[]2010年ヒット商品ランキングから何を読み解くか
時期柄、「今年のヒットランキング」のような振り返り系特集が出てきました。
世の中がどうなっているのか、これからどうなって行きそうなのか、ということを流行した具体のモノゴトから読み解こうという意図なんだと思います。
が、こういう時に自分を戒めるために、今一度思い出したいのはソースティン・ヴィブレンの「有閑階級の理論」の話。要するに、「カネという変数」で説明できることが世の中思っている以上に多い、という話です。
なぜ社会との繋がりを強くするモノゴトが流行るのか?
・細かくはTwitterなど
・将来に対する不安 → 要するにカネの話?
なぜアウトドアが流行るのか?
・皇居マラソン、山ガールなど
・金をかけなくとも豊かなライフスタイルは送れる → 要するにカネの話?
なぜ激安居酒屋が流行るのか?
・欲しいのはコミュニケーションの場。

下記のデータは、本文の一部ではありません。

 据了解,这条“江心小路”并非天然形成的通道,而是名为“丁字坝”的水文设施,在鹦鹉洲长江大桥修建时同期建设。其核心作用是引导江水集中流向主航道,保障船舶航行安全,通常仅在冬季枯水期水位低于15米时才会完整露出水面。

美味しい居酒屋料理ではない → 要するにカネの話?
ということで、平たく言ってしまうと、背景には色々とあるにせよ、結構な部分が結局のところお金があるかどうか(今だけでなく、将来の収入の見通しも含めて)に関する意識で説明できてしまうような印象がぬぐえません。

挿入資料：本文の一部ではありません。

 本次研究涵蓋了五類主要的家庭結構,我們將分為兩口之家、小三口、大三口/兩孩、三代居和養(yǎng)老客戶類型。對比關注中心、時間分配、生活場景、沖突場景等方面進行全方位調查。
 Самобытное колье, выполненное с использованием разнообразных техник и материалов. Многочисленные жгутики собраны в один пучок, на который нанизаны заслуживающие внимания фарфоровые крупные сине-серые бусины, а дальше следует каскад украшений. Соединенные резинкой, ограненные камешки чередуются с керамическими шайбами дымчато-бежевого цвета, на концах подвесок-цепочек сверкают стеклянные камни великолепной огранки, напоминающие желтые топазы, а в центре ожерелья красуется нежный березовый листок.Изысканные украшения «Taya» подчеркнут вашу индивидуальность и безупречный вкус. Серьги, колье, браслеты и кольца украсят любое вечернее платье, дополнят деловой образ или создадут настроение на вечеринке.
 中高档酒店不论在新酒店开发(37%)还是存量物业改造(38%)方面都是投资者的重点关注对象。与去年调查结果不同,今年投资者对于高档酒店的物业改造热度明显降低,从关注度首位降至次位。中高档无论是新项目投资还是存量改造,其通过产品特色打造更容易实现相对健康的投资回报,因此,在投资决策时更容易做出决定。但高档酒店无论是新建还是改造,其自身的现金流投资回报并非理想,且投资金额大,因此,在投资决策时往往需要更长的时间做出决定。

80年代に「消費はお金の関数ですと言っている経済学は今の消費行動の解明になんら示唆を与えない」という話がありました。あの時代の実感は確かにそれが正し買ったのだろうと思います。が、今の日本を見渡すに、記号消費等を含む、ちょっと前までの消費者行動分析の威力が勢いを失っているのが現状なんだろうなあ、と思わざるを得ません。それくらい、「結局カネの話でしょ?」という見方の説得力が増しているように思います。